И сразу пожар отошел на задний план. Бортинженер с замершим сердцем нажал на кнопки проверки уровня. Он не поверил глазам. Стрелки на приборах уже подходили к нулю!
- Уходит! Уходит!
И тут у Климова внутри все оборвалось. ВОТ ОНО!
Вот оно! Теперь ему предстоит решить ту давнюю, застрявшую колючкой в сердце проблему: вопрос жизни или смерти! Времени на решение у него оставалось всего несколько секунд, и надо было собрать все силы, всю волю, все мастерство пилота и капитана, чтобы успеть произвести необходимые действия.

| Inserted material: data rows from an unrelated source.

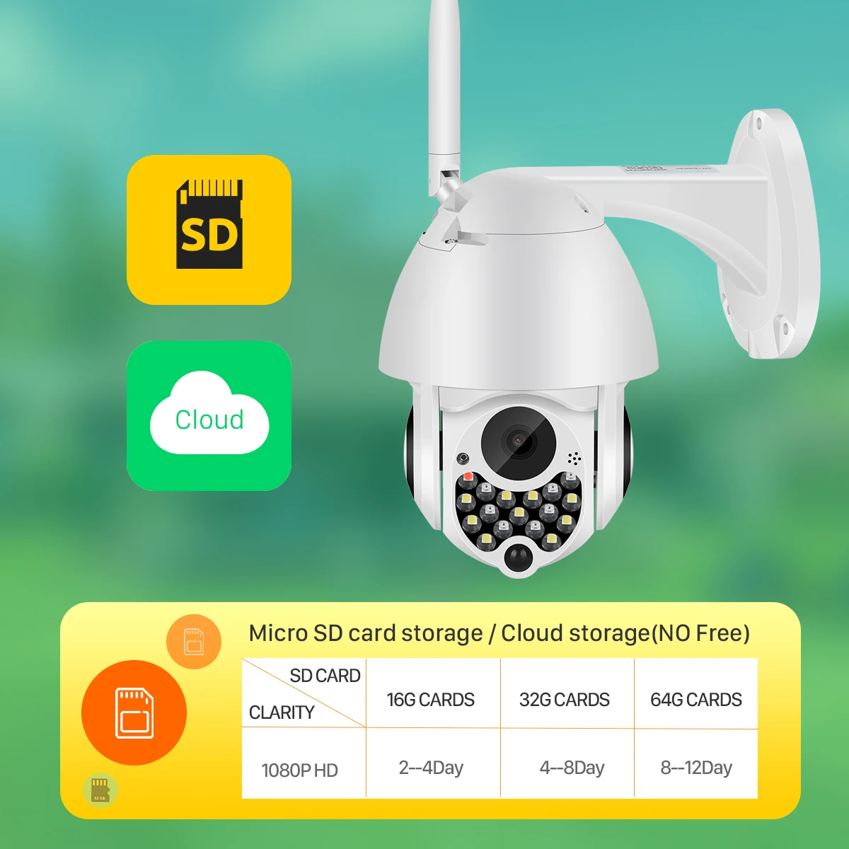 Поддерживает TF карту до 128 ГБ и предоставляет Облачное хранилище (необходимо оплатить дополнительные расходы), вы можете выбрать либо или оба, чтобы сохранить ваши записи и избежать риска потери видео с карты.
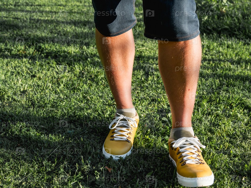 Мужчина в ярко-желтых кроссовках стоит на зеленой лужайке в парке. Обувь современного хипстера. Городская мода
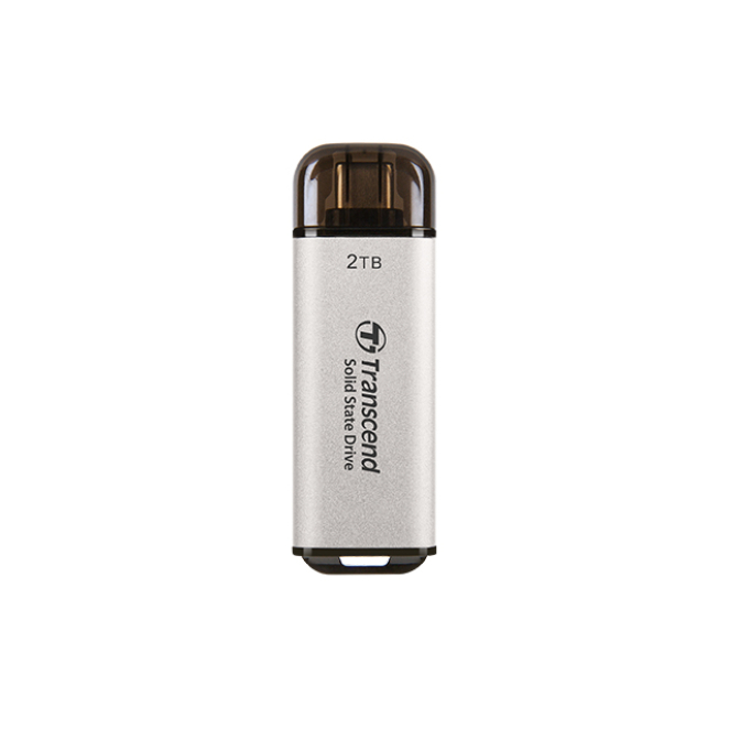 Disco duro externo Transcend ESD300 de 2 TB con USB Tipo C en color plata, SKU TS2TESD300S
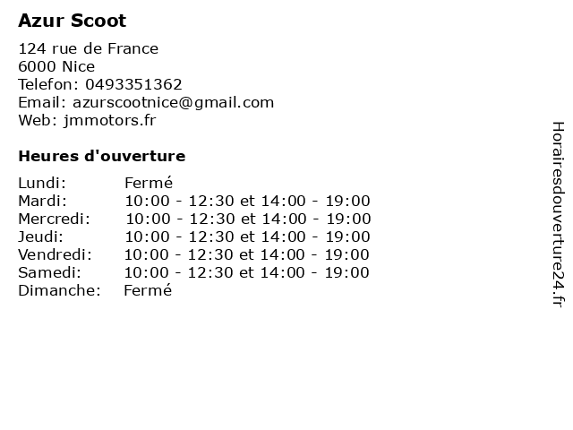 | Mardi | 10:00-12:30 et 14:00-19:00 |
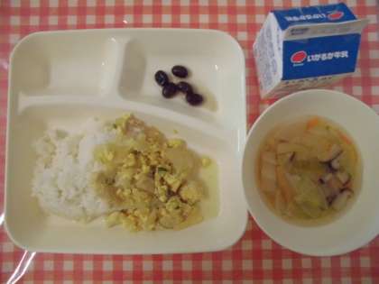 【親子丼、すまし汁、黒豆の煮もの、牛乳】
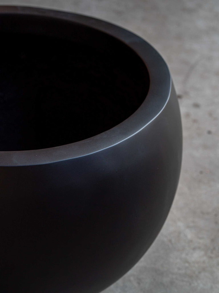 Made from lightweight fiberglass with a matte painted finish, the geometry of the Calyer exhibits a modern take on a classic planter bowl shape and will soften the hard angles often found indoors. This vessel's low orb design is a beautiful counterbalance to plants with leafy, broad foliage. Includes a removable drainage plug.
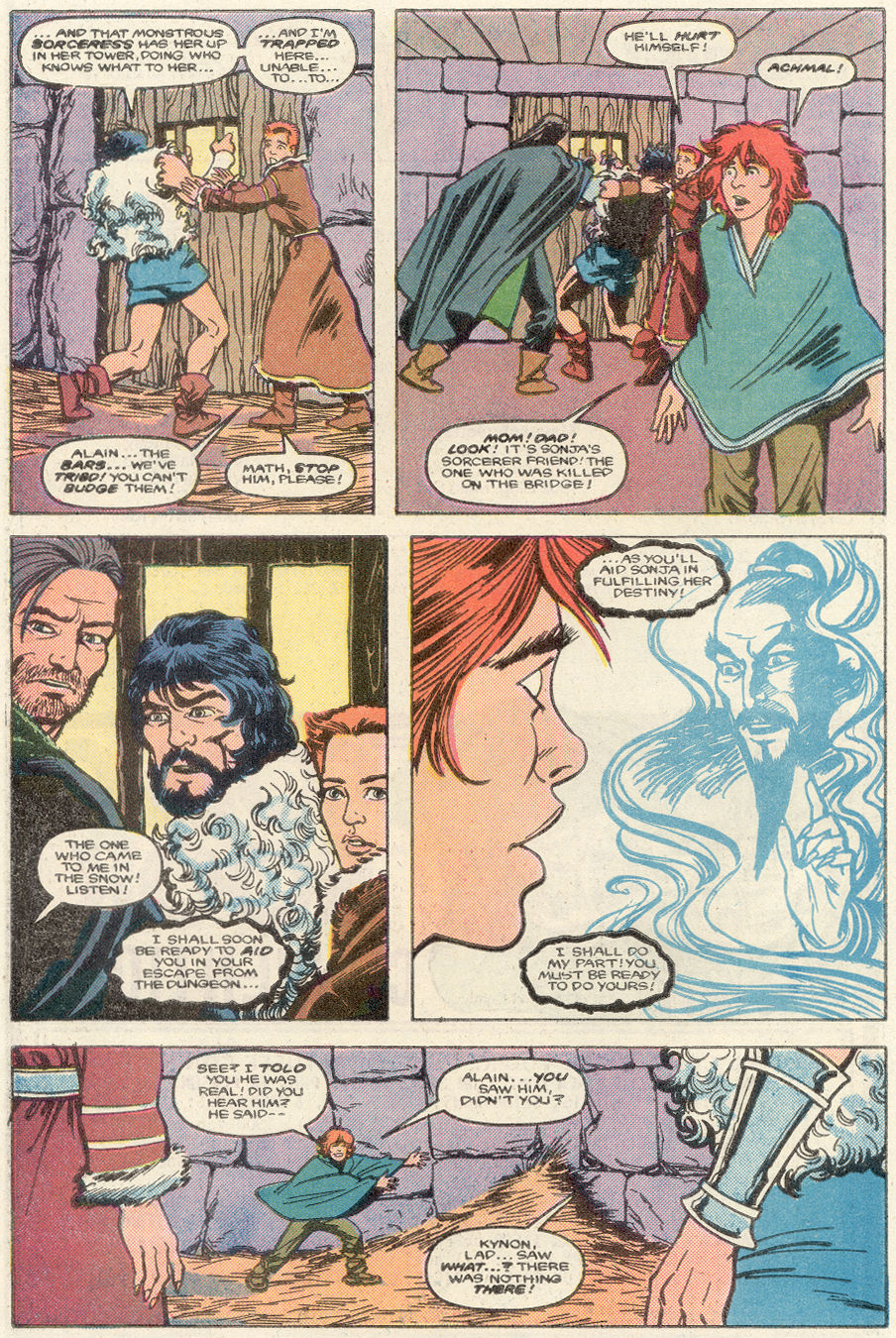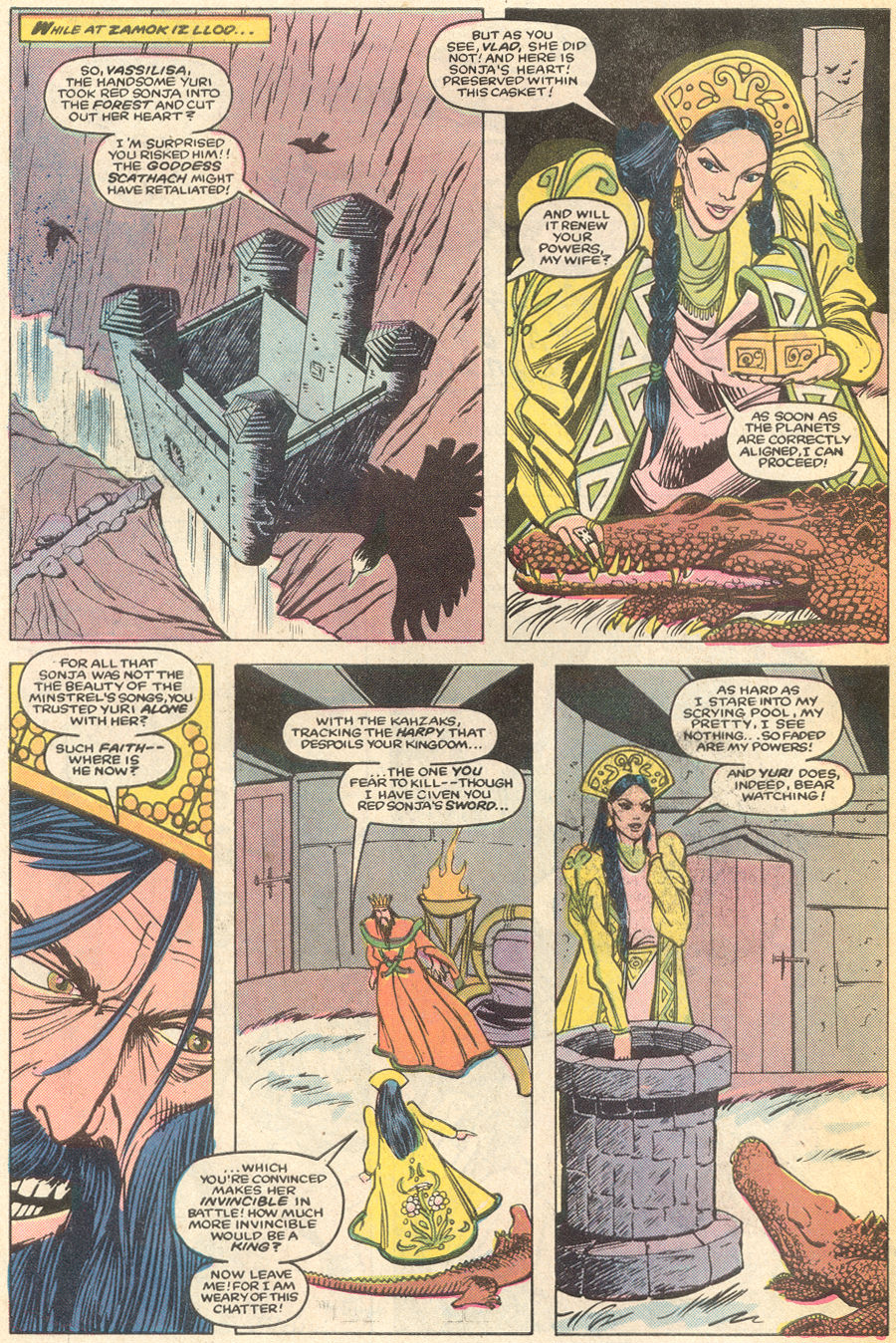 Though she mourned Zora’s death, this didn’t stop Sonja from continuing her adventures. She even gained companions in the form of the wizard Achmal and the Alwazarian warrior Galon, though they were eventually slain in battle. Shortly after, she’d find herself engaged in battle with Vassilisa Iceheart, sorceress queen and sworn enemy of Scathach. With aid from the ghost of Achmal (in reality a servant of Scathach), some new companions, and the blessing of Scathach, Sonja slew the dark sorceress, earning favor in Scathach’s eyes.
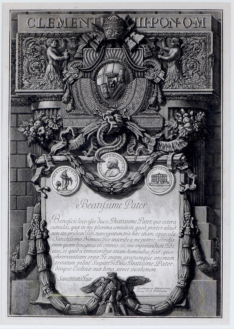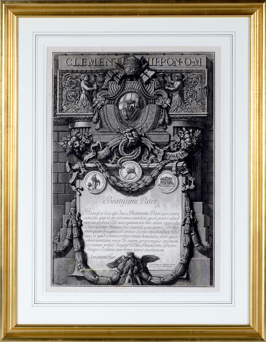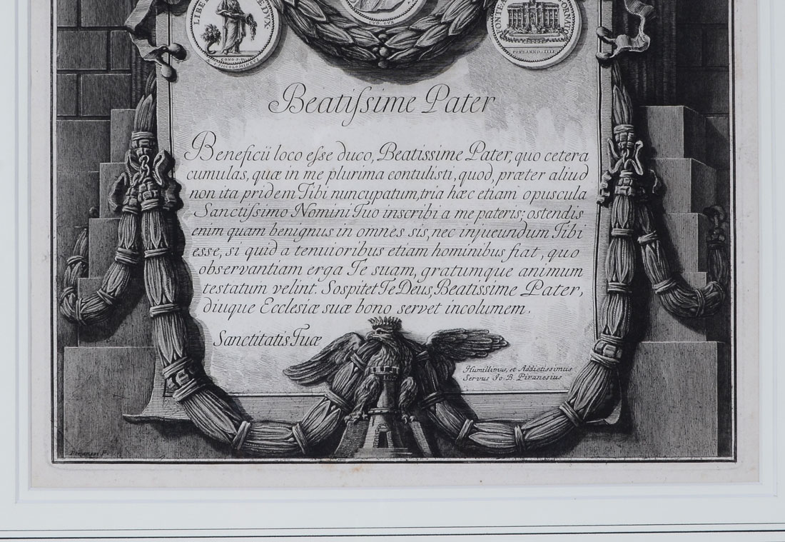 PIRANESI ENGRAVING: Piranesi ''Beatissme Pater'', Dedication to Pope Clement. Sight size 20.5'' x 14.5'', framed, 29'' x 22.5''. Provenance: Leon and ''Billy'' Goldenberg Collection.
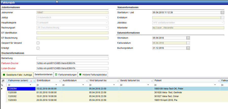 In Job 10947 wurden die folgenden Fälle selektiert:
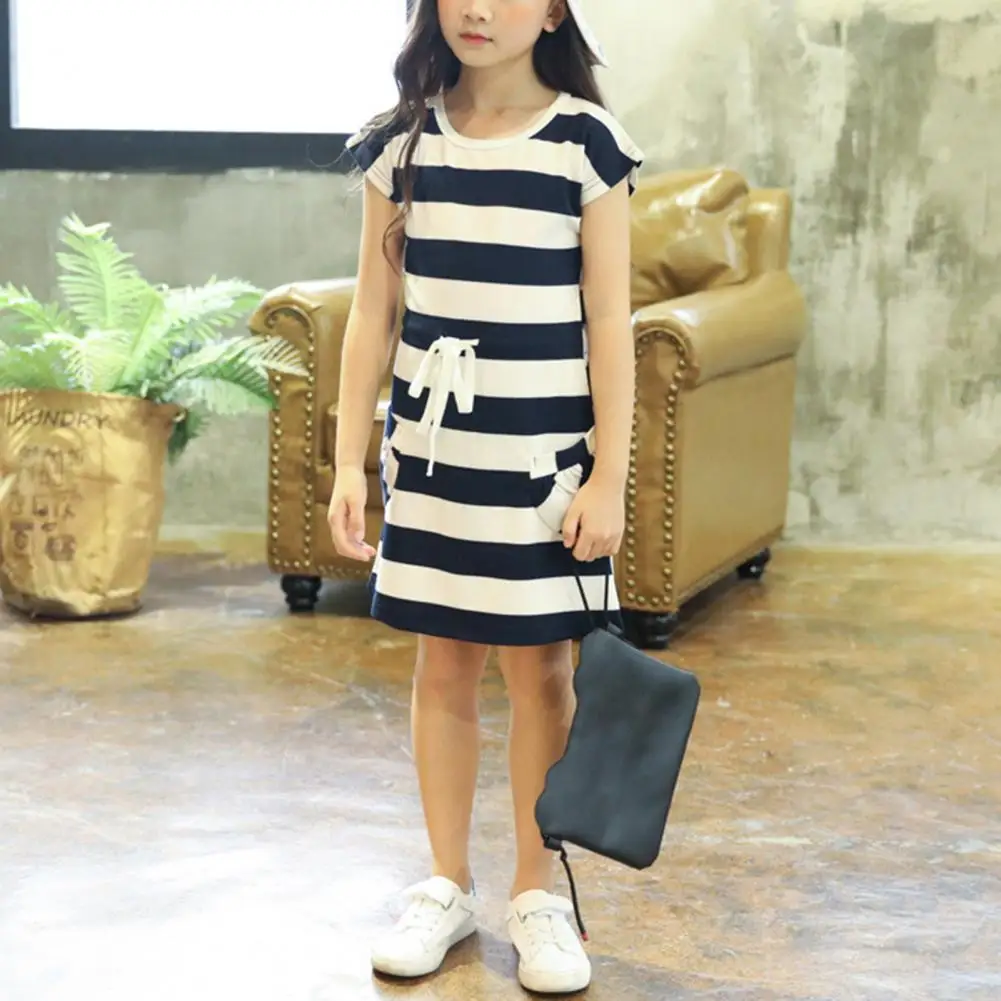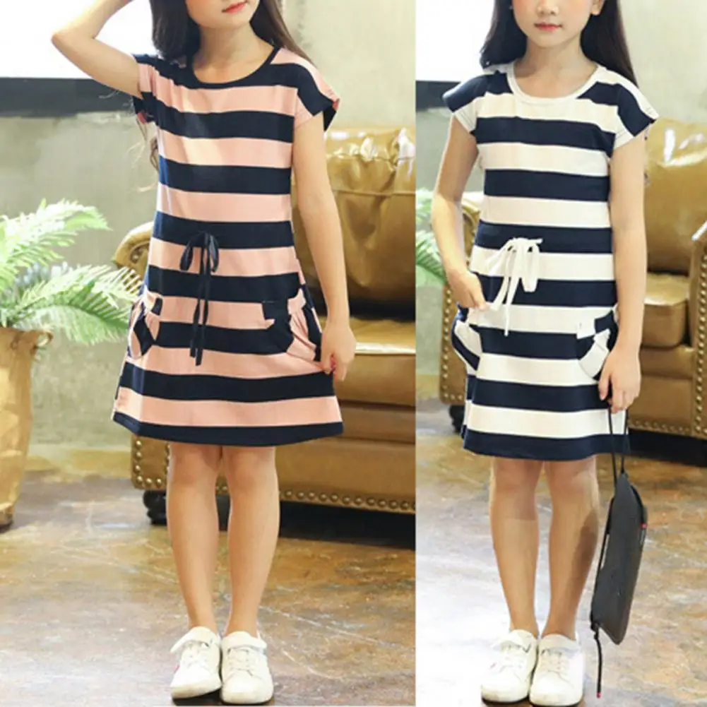 Comprar Vestidos de algodón para niñas, ropa informal a rayas, agradable a la piel, de verano
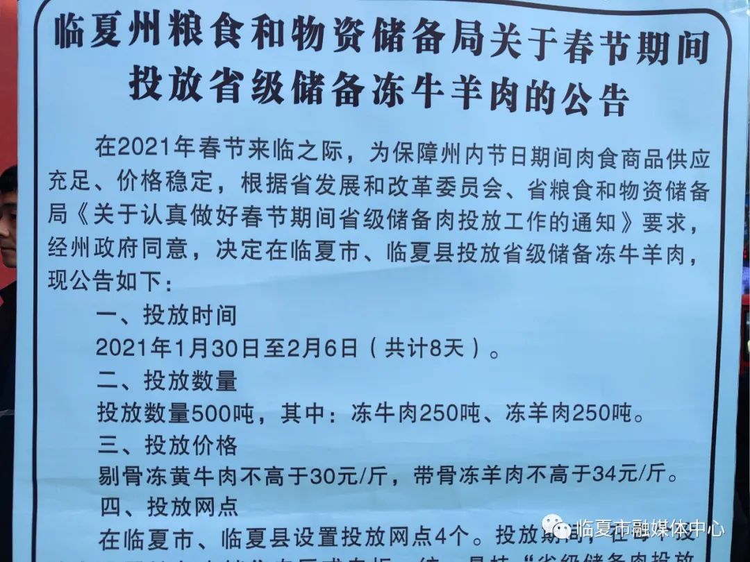 春节将至,为保障临夏牛羊肉市场供应,稳定春节期间牛羊肉市场价格,满足各族群众对肉类品的消费需求,根据省发展和改革委员会、省粮食和物资储备局相关文件要求,决定在临夏州内投放500吨省级储备冻牛羊肉。
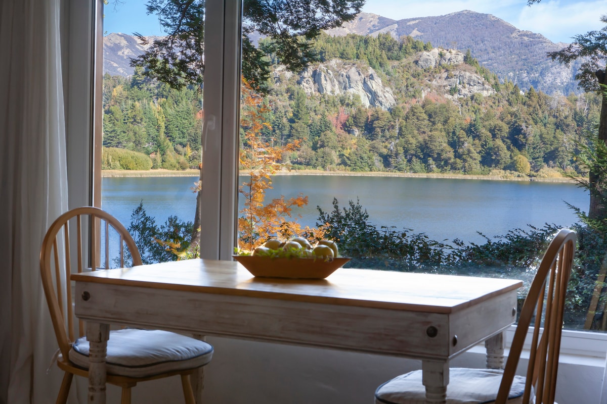 Cálida cabaña de estilo rústico a orillas del lago Nahuel Huapi con hidromasaje, hogar a leña, y deck. Monoambiente creado para el relax y el romanticismo con vista al amanecer y salida de la luna sobre el lago. Smart TV e internet por FIBRA OPTICA con wifi para trabajar. Una kitchinette con todo lo necesario, incluyendo cafetera dolce gusto. Caja de seguridad para resguardar tus notebooks al ir de paseo. Baño completo. Pool, ping-pong. Playa: Kayak y standup paddle. Desayuno continental.
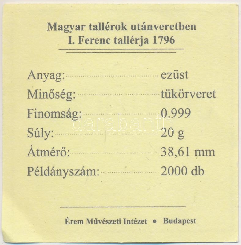 Magyar tallérok utánveretben "I. Ferenc tallérja 1796" Ag emlékérem (2...
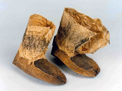 魚皮靴俗稱魚皮靰鞡,由魚皮四周整體向上折起,抽褶向上形成底部,前面與鞋臉縫制在一起,形成半圓形,鞋口再用另一塊魚皮縫上,形成圓筒形靴靿,然后穿繩或皮條做鞋帶。此鞋由身、臉、黝三部分組成。魚皮鞋既結(jié)實保暖,又抗寒防水防滑,適于在冰上和泥濘道路上行走及從事漁獵生產(chǎn)。如圖所示。
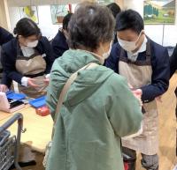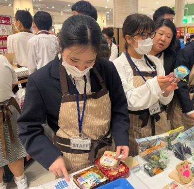 したり質問にも丁寧に答えたり、お店の入り口でチラシを配ったりと生徒たちは一生懸命に活動できました。
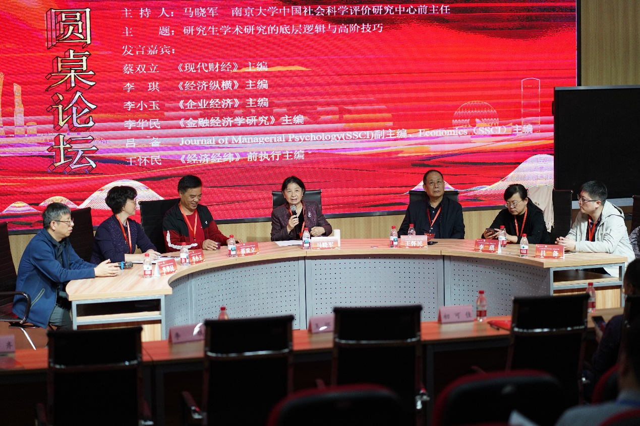 随后的圆桌论坛以“研究生学术研究的底层逻辑与高阶技巧”为主题,由南京大学中国社会科学评价研究中心原主任马晓军教授主持,《现代财经》主编蔡双立、《经济经纬》前执行主编王怀民、《经济纵横》主编李琪、Economics(SSCI)主编吕备、《企业经济》主编李小玉、《金融经济学研究》编辑部金山副教授依次发言。
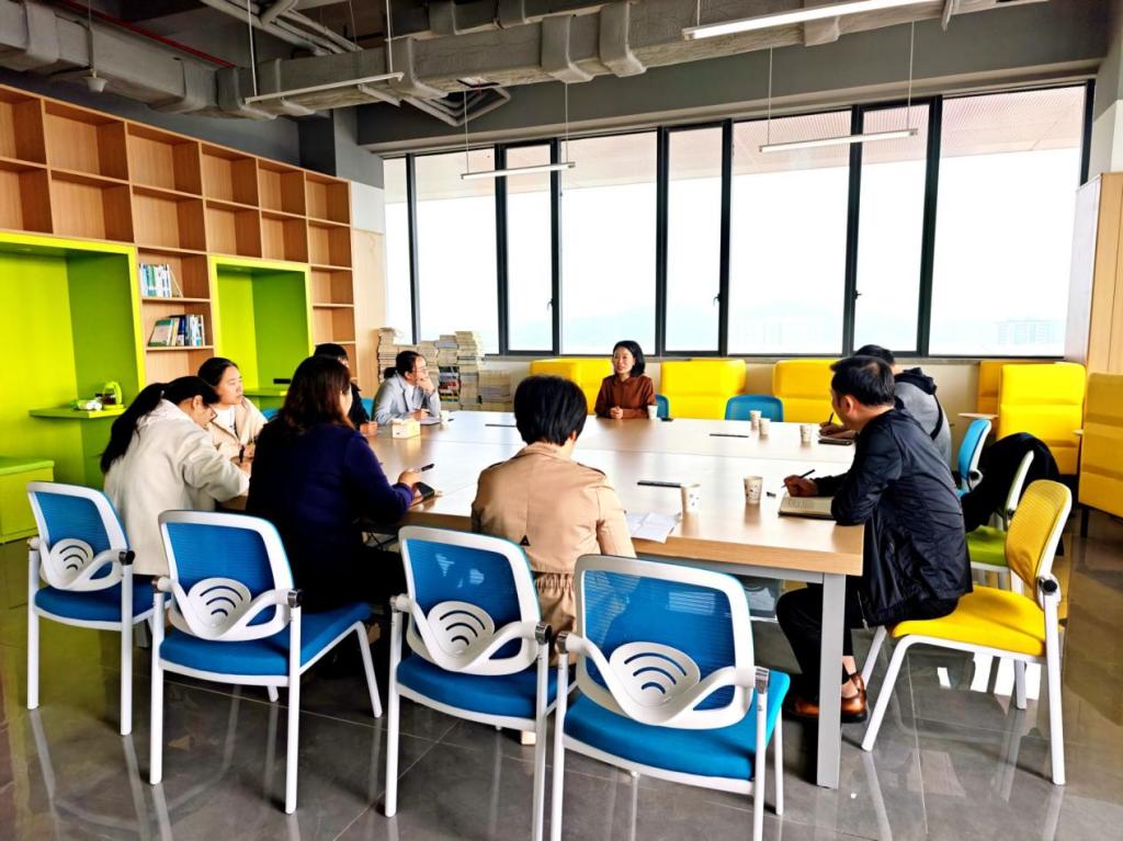 参观结束后,双方在图书馆2楼阅览区召开座谈会,会议由张春伟副馆长主持。会上,我校综合办公室和信息技术部负责人分别对新馆的规划、空间功能、数字设施设备采购等方面进行详细说明。廖彩霞馆长简要介绍重庆商务职业学院新馆项目背景,并针对前期设计方案、功能需求清单、智慧服务场景等与我馆深入交换意见,现场讨论气氛热烈、务实高效。
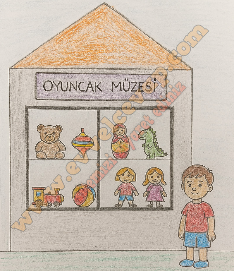 Soru: Bir müze tasarladığınızı ve bu müzede oyuncaklarınızı sergilediğinizi düşününüz. Tasarladığınız müzenin ve sergilediğini oyuncakların görselini çizip boyayınız.

Климов быстро и точно, одним сложным движением вывел машину из крена и снижения, одной рукой ударил по рычагам газа, а другой, подтягивая штурвал, стал гасить скорость, выдерживая строго горизонтальный полет и снимая усилия со штурвала триммерами. Тяжелая машина медленно, очень медленно тормозилась. Он выпустил интерцепторы; машину затрясло, стрелка скорости быстро покатилась к отметке 400. Убрал интерцепторы, снова стал балансировать триммерами: тангаж, крен... Отпустил на секунду штурвал: сама летит? Исправил возникший крен, еще раз снял усилие триммером. Добавил режим. Бросил взгляд на указатель скорости и руля высоты: скорость 400, руль в зеленом секторе, центровка нормальная, самолет сбалансирован. Еще раз бросил штурвал: так летит сама? Руки тряслись, сердце колотилось в горле и отдавалось в висках, часто и ровно стискивая голову.
Самолет летел.
"Так. Спокойно, спокойно... Спокойно!"
В этот момент под штурвалом недобрым красным глазом загорелась лампочка падения давления в первой гидросистеме. Отказал еще один канал управления.
- Сколько минут прошло?
Бортинженер глянул на секундомер, включенный в момент начала пожара. С трудом ворочая вдруг одеревеневшими губами, произнес:
- Четвертая минута доходит. Падает давление!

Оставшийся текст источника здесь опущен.